Mile 793.0 - rbd 793-785 Island 30

rbd 793-785 Island 30

WARNING: There are two significant falls at low/medium waters, one at top end and one at bottom end of Island 30. See below for more description.

Island 30 creates an intriguing back door entrance to Osceola. If the water is high enough (above 25 on the Caruthersville Gauge) and you want to make an Osceola landing, or even if you just want more back channel exploration, you can enter the back channel of Island 30 for a wonderful tree-lined meandering eight mile paddle. Highly recommended (if the water is high enough). If Osceola is your destination, riding the back channel makes things easier: you won’t have to paddle back upstream against the current of the Osceola Harbor to reach the landing!

To get into the back channel of Island No 30 you will first have to get behind the Ashport Gold Dust Dikes, as described above. It’s best to enter at the very top end, from the base of Island 27 near Daniel’s Point Landing RBD 796.5. Stay hard bank right several miles and then follow the opening near 793 over a sometimes turbulent falls (a submerged dike). There are tall trees on either bank and it feels like you are passing through the gates into a magical kingdom. Warning: turbulent waters sometimes found at top entrance to Island 30 Back Channel.

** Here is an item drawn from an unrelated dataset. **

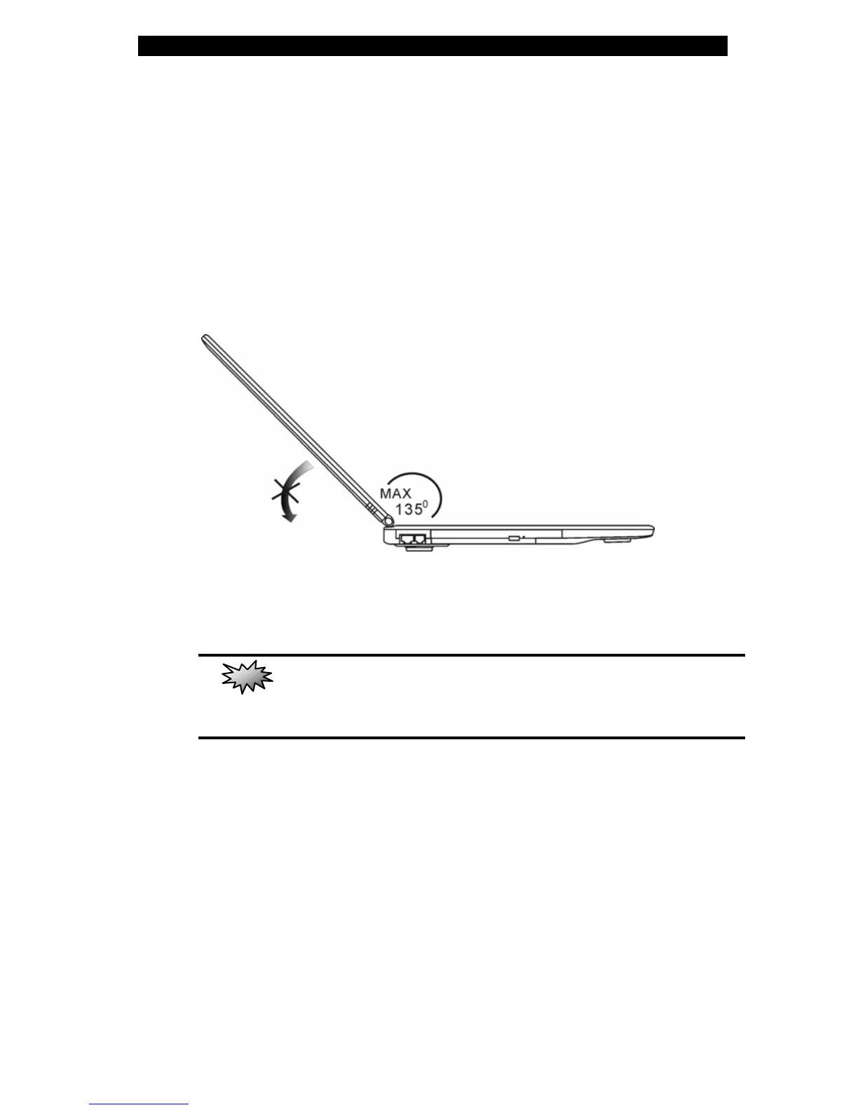maximum opening of 135 degrees. Do not push it down forcibly.
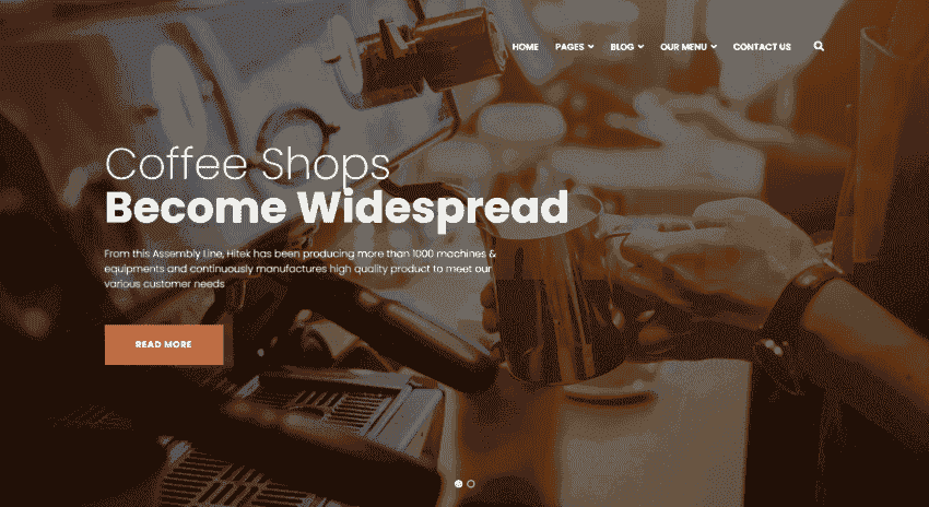 To give your coffeehouse website a profesional and premium look, Dement has a clean and modern bold design. By using the default layout of the dement demo, you’ll be able to quickly launch a new professional website for your coffeehouse.

Most water flows through tongue center stream. This can be a significant falls around 20-25 CuG, so scout first and make sure you are capable of safely handling. At 30 most of the drop has been submerged and you will only see turbulence and powerful boils and eddies. Once you get through there are no more dikes until the final miles (1.5 miles - see warning below).

You might encounter a fisherman or two, but others otherwise it will be nothing but you, the bottomland hardwood forests, the wildlife along the bank, and the birds in the air -- a welcome change from the sometimes sterile monotony of the main channel! This back channel flows along for miles and miles -- eight miles in all. The Arkansas levee closes in eventually, and you will pass by a primitive muddy landing with a good concrete ramp near the town of Luxora. If you need to resupply keep going, Osceola will be your best stop. Near flood stage other side channels off the back channel will open up. Follow at your own discretion. You might hear highway traffic after Luxora. This is the legendary blues Highway 61 now close by the river and found just over the levee. Highway 61 runs north to south like the great river herself, out of the North woods right down to the Gulf of Mexico (ending in New Orleans).

From Marion Bragg’s Historic Names and Places on the Lower Mississippi:

“When Island No. 30 was given its identifying number in 1801, it lay close to the left shore. Later it crossed the river-or the river crossed it-and it now lies in front of Osceola, near the Arkansas side of the Mississippi. It appears to be attached to Arkansas, but is owned by Tennessee.

“In 1913 the famous, record-breaking steam-powered towboat Sprague had a spectacular accident at Island No. 30. The big sternwheel boat, pushing a record tow of coal barges, was coming downstream when she was caught in side currents and whirled into the chute behind the island. Colliding with some stone dikes, the Big Mama, as she was affectionately called by river men, dropped her countless tons of coal into the chute, and lost all her barges.

“Some years later, the Mississippi tore out the old stone dikes at Island No. 30, removed the mountains of coal deposited there by the Sprague, and settled itself in a new bed where the chute had been.”

Today Sprague’s Coal has been littering the bottom of the river downstream of Osceola and Island 30, and is pushed up on top of sandbars to be seen especially at low water, notably on the Hatchie Bar, where boulder sized chunks of coal still become visible, and further downstream at the top end of Dean Island.

WARNING: Low Rock Dam at bottom end of Island 30, rocky rapids at 10-15, whitewater rapids at 15-20, and big volume waves and turbulence at 25, flattens out at 30. When in doubt, stop and Scout!